Does the matrix exponential take open sets into open sets?

Question

This is from Hall's Lie Groups, Lie Algebras, and Representations, in theorem $2.13$:

Let $B_\varepsilon$ be the open ball of radius $\varepsilon$ about zero in $M_n (\mathbb{C})$ [$= \mathbb{C}^{n\times n}$] (...). Assume that $\varepsilon < \log 2$. Then, we have shown that "exp" takes $B_\varepsilon$ injectively into $M_n (\mathbb{C})$, with continuous inverse that we denote "log". Now, let $U =\exp(B_{\varepsilon /2})$, which is an open set in $GL(n; \mathbb{C})$.

The last sentence is not obvious to me. A general continuous function doesn't take open sets into open sets, so it probably has to do with the exponential being injective or with the inequality $||e^X|| \le e^{||X||}$. What is the proof of this?

Answer 1

Here you go :)

It is also clear from what is written in the text alone: If you accept that 1) $ \exp $ is injective on the domain $ B_\epsilon $ and 2) the inverse $ \log $ is continuous, then you get $ \exp( B_{\epsilon /2} ) = \log^{-1}( B_{\epsilon /2} ) $ is open, as it is a preimage of an open set under a continuous function.

Answer 2

I will cite the theorem from his same book which Hall is using on its proof of theorem 2.13.

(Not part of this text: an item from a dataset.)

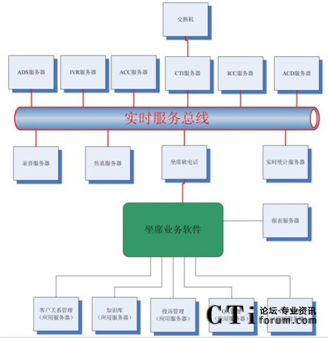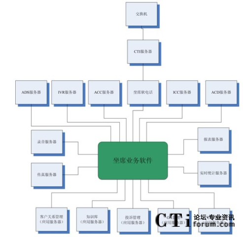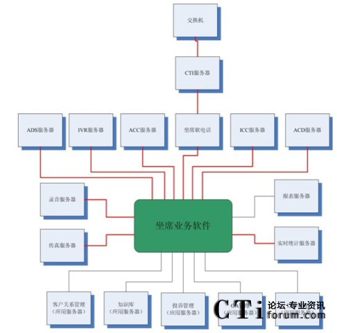 很多集成商或業(yè)務(wù)軟件開(kāi)發(fā)商認(rèn)為這種結(jié)構(gòu)過(guò)于復(fù)雜,而他們自身往往提供“整體解決方案”,即所有的服務(wù)器軟件基本上都是自己的,根據(jù)客戶的要求修改即可。例如,客戶關(guān)系管理、知識(shí)庫(kù)、投訴管理、OA、訂單管理以及坐席軟電話、ADS服務(wù)器、IVR服務(wù)器、ACC服務(wù)器、ICC服務(wù)器、ACD服務(wù)器、錄音服務(wù)器、傳真服務(wù)器、報(bào)表服務(wù)器、實(shí)時(shí)統(tǒng)計(jì)服務(wù)器都是自己來(lái)做,那么對(duì)于很多接口環(huán)節(jié)都可以節(jié)省了。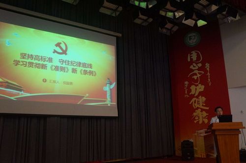 会上,纪检监察处处长倪震勇同志作题为《坚持高标准 守住纪律底线 学习贯彻新<准则>新<条例>》的报告。倪震勇同志紧密联系实际,报告从修改背景入手,对《中国共产党廉洁自律准则》和《中国共产党纪律处分条例》进行重点解读,在强调其重要意义后对如何扎实践行贯彻新《准则》《条例》深入讲解。

Theorem 2.8. The function $$ \log A =\sum_{m=1}^\infty (-1)^{m+1}\frac{(A-I)^m}{m}$$ is defined and continuous on the set of all $n\times n$ complex matrices $A$ with $||A-I||<1$.

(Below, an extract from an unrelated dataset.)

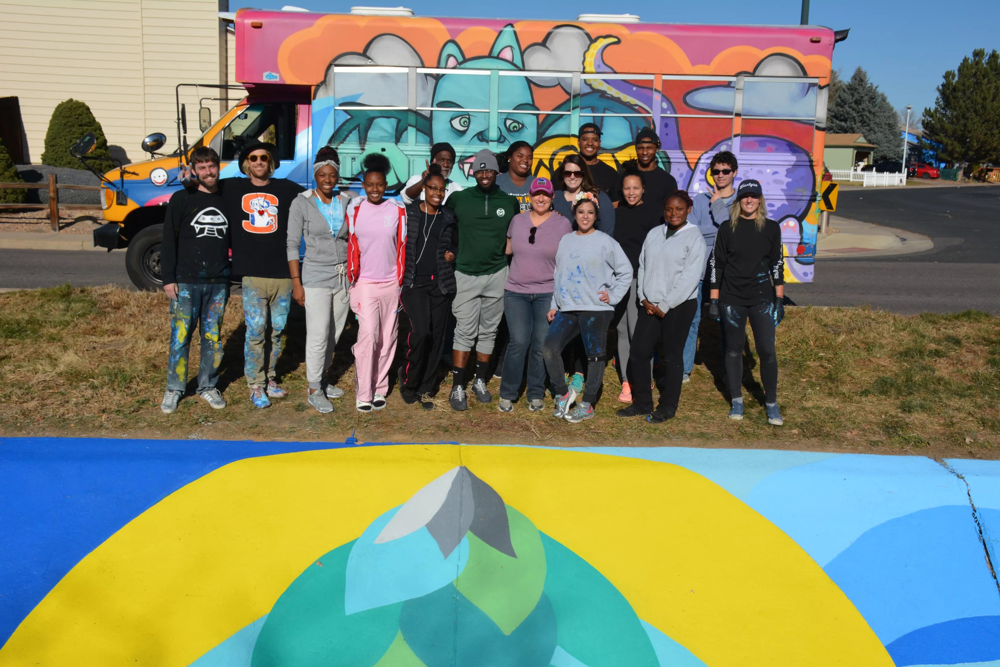 On November 9, 2017, Milbery and colleagues Pat McKinney, Hunter Stevens and Remington Robinson went back to the canal. Milbery and McKinney laid down a base-paint layer; the next day, the canvas was ready. The team sketched out the mural’s design, and students from the four schools located on the adjacent Montbello campus came out to paint. On November 11, Montbello community members joined the team for another full day of painting. And it was tough work, comprising back-to-back twelve-hour days. All told,125 volunteers ranging from students to senior citizens got involved with the project.

For all $A$ with $||A-I||<1$, $$\tag{1}\label{explog} e^{\log A} = A.$$ For all $X$ with $||X||<\log 2$, $||e^X-I||<1$ and $$\tag{2}\label{logexp} \log e^X = X. $$

Observe that the domain of the $\log$ function is equal to $B(I,1)$, where $B(C,δ)$ denotes the open ball in $M_n(\mathbb{C})$ (the set of all $n\times n$ complex matrices) of center $C$ and radius $δ$, in the metric induced by the Frobenius norm.

Two things are immediately deduced from \eqref{explog}:

• Since the exponential of any matrix is always invertible, $B(I,1)\subset \operatorname{GL}(n;\mathbb{C})$. That is, $\log$ is really defined on a subset of the set of complex invertible matrices.
• The $\log$ function is injective.

Let's see that $U=\exp(B_{ε/2})$ is open in $\operatorname{GL}(n;\mathbb{C})$. Firstly, from \eqref{logexp} is easy to show that $\log (U)=B_{ε/2}$. Then, from this last equality it only deduces that $U\subset \log^{-1}(B_{ε/2})$. However, it is precisely thanks to the fact that $\log$ is injective that the $\subset$ must be an equality. Thus $U = \log^{-1}(B_{ε/2})$ is open in $B(I,1)\subset \operatorname{GL}(n;\mathbb{C})$ and therefore open in $\operatorname{GL}(n;\mathbb{C})$ (in fact, since also $\operatorname{GL}(n;\mathbb{C})$ is an open subset of $M_n(\mathbb{C})$ —think about preimages of the determinant function— the set $U$ is open in $M_n(\mathbb{C})$).